56 72 67 85 55 59 65 32 82 49 66 52 70 44 - What was the total number of hotdogs sold in the two weeks?
- What was the average number of hotdogs sold over the two week period?
- What was the median number of hotdogs sold over the 2-week period?
- A runner has four different routes that he chooses from. Over the period of one month the runner chose one circuit every day as indicated in the chart.
Circuit Number of times chosen Very Easy (5 km) 6 Pleasant (10 km) 12 Challenging (20 km) 8 Exhausting (40 km) 2 - What was the total number of kilometres run during the month?
- What was the average number of kilometres run per day?
- What was the median number of kilometres run per day?
- The ages of all students in a precalculus math class are:
17 18 18 18 19 19 19 19 19 19 19 20 20 20 20 21 21 21 22 22 23 24 25 25 28 31 31 35 48 49 50 70 - Determine the mean, median and mode.
- If the highest and lowest ages are removed from the class, how are the mean, median and mode impacted?
- The ages of all students in a graduate English class are:
25 25 25 28 29 29 30 30 31 31 31 34 38 42 - Determine the mean, median and mode.
- If the highest and lowest ages are removed from the class, how are the mean, median and mode impacted?
- A math instructor returned a graded exam to the class of 44 students. The instructor announced that 15 students scored 63%. and 15 students scored 71%. Which measure(s) of central tendency can be determined from this information?

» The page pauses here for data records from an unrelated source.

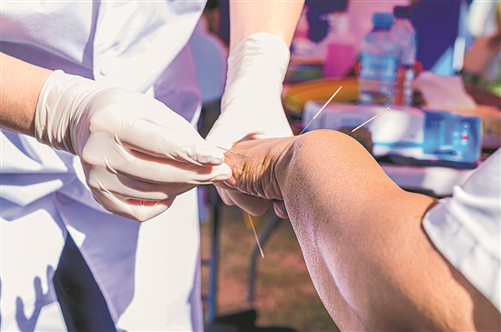 近日,在莫桑比克馬托拉市,第25批中國援莫醫(yī)療隊的醫(yī)生使用針灸療法為當?shù)鼐用窳x診。新華社記者 劉杰 攝
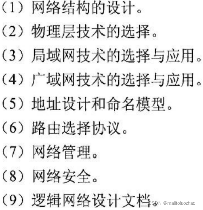 4.逻辑网络设计工作主要内容如下:逻辑设计过程由确定逻辑设计模板、网络服务评价、技术选项评价、技术决策4个步骤组成;逻辑设计根据用户的分类和分布,选择特定的技术,形成特定的网络结构,大致描述了设备的互联及分布情况,并不设计具体的物理位置和运行环境
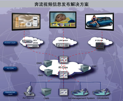 UT斯達康緊跟市場發(fā)展趨勢和運營商步伐,深入研究戶外液晶廣告業(yè)務的發(fā)展、大力推進廣告平臺的研發(fā)。2006年,UT斯達康推出了奔流(RollingStream)視頻信息發(fā)布解決方案(如圖2所示)。奔流視頻信息發(fā)布解決方案是以奔流(RollingStream)IPTV平臺為基礎,結(jié)合戶外液晶廣告市場需求,融合運營商以視頻為主的綜合信息發(fā)布的需求,真正運營級的電信級解決方案。該方案可以幫助運營商實現(xiàn)融合信息服務和廣告業(yè)務的統(tǒng)一運營,幫助運營商開展兼具公益性和盈利性的信息發(fā)布業(yè)務,運營商在推進社會信息化、造福公眾的同時,通過視頻廣告的運營,也能獲取盈利。該方案基于電信級平臺的穩(wěn)定性、安全性、擴展性設計要求,可支持百萬級大規(guī)模部署能力,可提供電信級質(zhì)量保證的服務;該方案基于IP流媒體技術,可通過IP網(wǎng)絡實時、精準、互動地投放廣告內(nèi)容,從而可以支持豐富、新穎的廣告運營模式;該方案基于數(shù)字多媒體技術,除了可以發(fā)布視頻廣告,還可以發(fā)布圖片、文字、消息等廣告內(nèi)容。
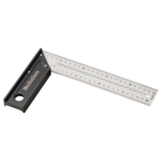 This Hultafors Square has been built for precision and durability. Excellent for construction, workshops and carpentry work. Unique assembly technology with strong custom riveting and a 1.5mm thick high-strength stainless steel blade. This provides an extremely durable design which can withstand tough working environments and will last a long time. The stock is made of fully anodized aluminum with a 18mm thick handle. Its high strength stainless steel blade is 45mm wide and 1.5mm thick. This accommodates work with standard stud dimensions and a center line makes it easy to quickly mark out both sides of a stud. It also has scribing notches spaced 5mm apart, these can be used to draw or cut a line parallel along an edge. The precision cut blade and riveting have very small tolerances to provide high precision; angle tolerance 0.03 (0.5 mm/m). Made in Europe with full control over working conditions and sustainability.

- Before returning a graded exam to a class of students the instructor announced that the mean was 55% and the median was 78%. What does this indicate about how the students in the class performed on the exam?
Answers
- mean 55; median 55; mode none
- mean 60.625; median 63; mode 68
- mean 2.73…; median 3; mode 3
- mean 26.55…; median 25; mode 2, 56 – data bimodal
-
- 854 hotdogs
- 61 hotdogs
- 62 hotdogs
-
- 390 km
- 13.9 km
- 10 km
-
- mean 25.9, median 21, mode 19
- The new mean is lower at 24.8 and the median and mode are the same
-
- mean 30.6, median 30, bimodal 25 & 31
- The new mean is lower at 30.1, the median remains at 30 and there is one mode of 31
- the mode
- From the median we know that half of the students scored 78% or better. Since the mean was only 55% we can conclude that some scores were quite low (less than 55%).